#### Brief
All of the entries should be restated word for word, but without their pictures.

[Saved data entries]
^^^^^^^^

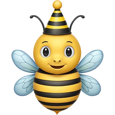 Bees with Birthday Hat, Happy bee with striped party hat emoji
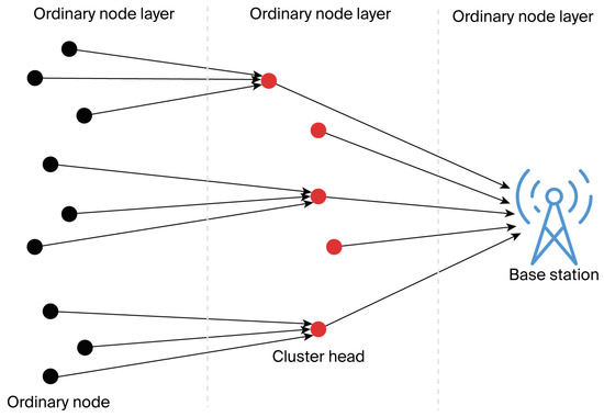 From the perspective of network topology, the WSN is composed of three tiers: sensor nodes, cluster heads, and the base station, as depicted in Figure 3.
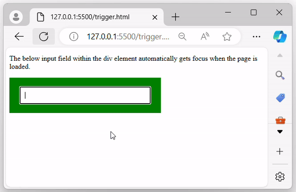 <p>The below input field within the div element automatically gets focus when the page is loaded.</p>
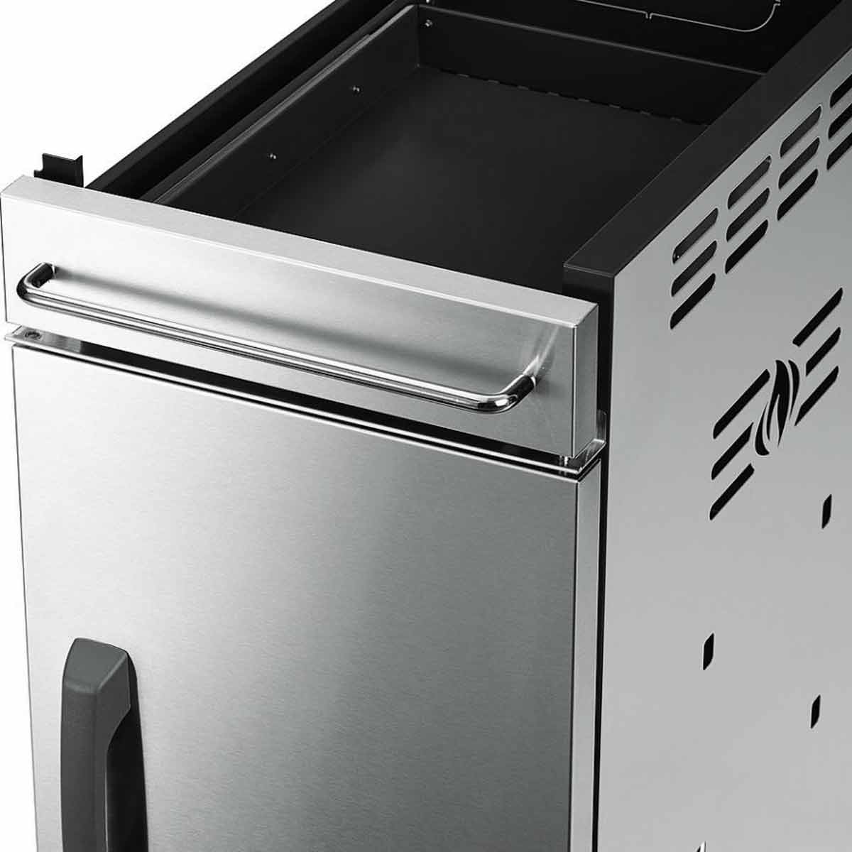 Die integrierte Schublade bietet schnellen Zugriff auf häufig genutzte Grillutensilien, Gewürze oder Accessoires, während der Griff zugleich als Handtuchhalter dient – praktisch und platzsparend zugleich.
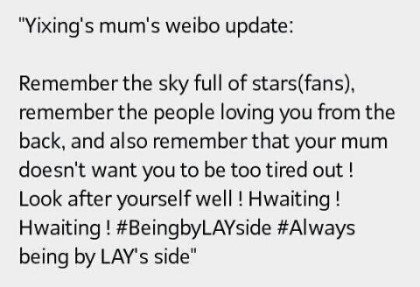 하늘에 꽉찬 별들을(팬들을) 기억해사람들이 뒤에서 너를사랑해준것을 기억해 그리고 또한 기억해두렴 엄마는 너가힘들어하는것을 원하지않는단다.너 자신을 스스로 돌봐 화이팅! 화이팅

^^^^^^^^

#### Answer to the problem
 Bees with Birthday Hat, Happy bee with striped party hat emoji
 From the perspective of network topology, the WSN is composed of three tiers: sensor nodes, cluster heads, and the base station, as depicted in Figure 3.
 <p>The below input field within the div element automatically gets focus when the page is loaded.</p>
 Die integrierte Schublade bietet schnellen Zugriff auf häufig genutzte Grillutensilien, Gewürze oder Accessoires, während der Griff zugleich als Handtuchhalter dient – praktisch und platzsparend zugleich.
 하늘에 꽉찬 별들을(팬들을) 기억해사람들이 뒤에서 너를사랑해준것을 기억해 그리고 또한 기억해두렴 엄마는 너가힘들어하는것을 원하지않는단다.너 자신을 스스로 돌봐 화이팅! 화이팅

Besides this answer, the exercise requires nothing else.